Sarah Watling is the author of Noble Savages, for which she was awarded the Tony Lothian Prize. She holds degrees from the Universities of Cambridge and London, and was a 2020 a Silvers Grant recipient.
The best group biography of the year – of many years, in fact – is
Sarah Watling’s Noble Savages, the story of the four Olivier
sisters... Their mother was the model for Tess of the D’Urbevilles,
their joint best friend was Rupert Brooke, and they had, said
Virginia Woolf, strange glass eyes which they took out at night.
But this is not why they are interesting. After feral childhoods in
Surrey, where their parents lived in a Fabian utopia, each woman
struggled with postwar realities: insanity, grief, poverty,
catastrophic marriages. Elegantly structured in “seven fragments”,
Watling’s book gives us a riveting drama that begins as pastoral
comedy and ends as tragedy.
*New Statesman, Books of the Year*
This is the first time [the Olivier sisters] have had a biography
to themselves, and a very fine job Sarah Watling makes of it…

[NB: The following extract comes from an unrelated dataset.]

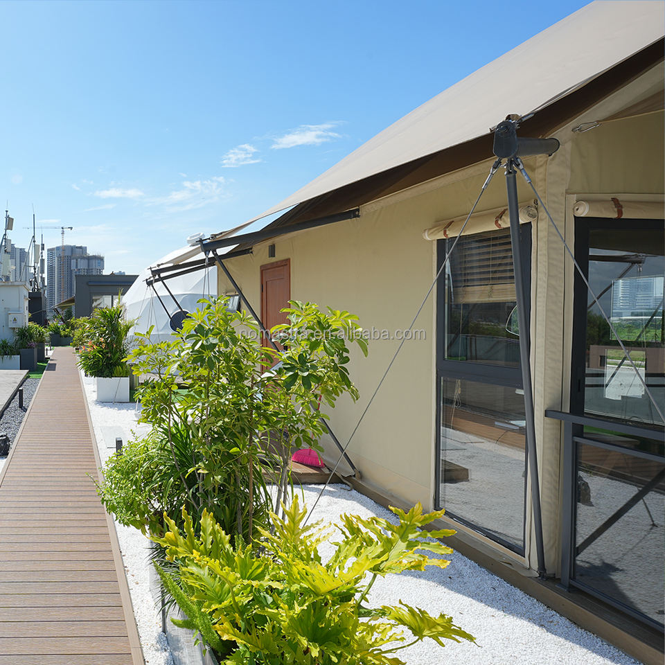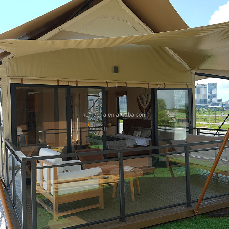 เต็นท์โรงแรมทำจากเหล็กแบบโมดูลาร์พร้อมปรับแต่งได้สำหรับห้องนอนห้องนั่งเล่นประตูทำจากไม้เนื้อแข็งเป็นมิตรกับสิ่งแวดล้อมเต็นท์วิลล่าสุดหรู

thoroughly fascinating... This book is interesting on a dozen
levels.
*Daily Telegraph*
Four remarkable sisters born at the end of the 19th century, and I
didn’t know about any of them before reading this utterly absorbing
book in which their whole lives are laid before us. Their story has
opened my eyes to whole new areas of early 20th-century British
life.
*Daily Mail*
In this compelling biography Sarah Watling tells [the Olivier
sisters’] tale for the first time. It is the story of the end of
Victorianism and the birth of the modern age. It is also,
grippingly, the story of the early feminist movement, and a vital
contribution to the construction of an alternative women’s history…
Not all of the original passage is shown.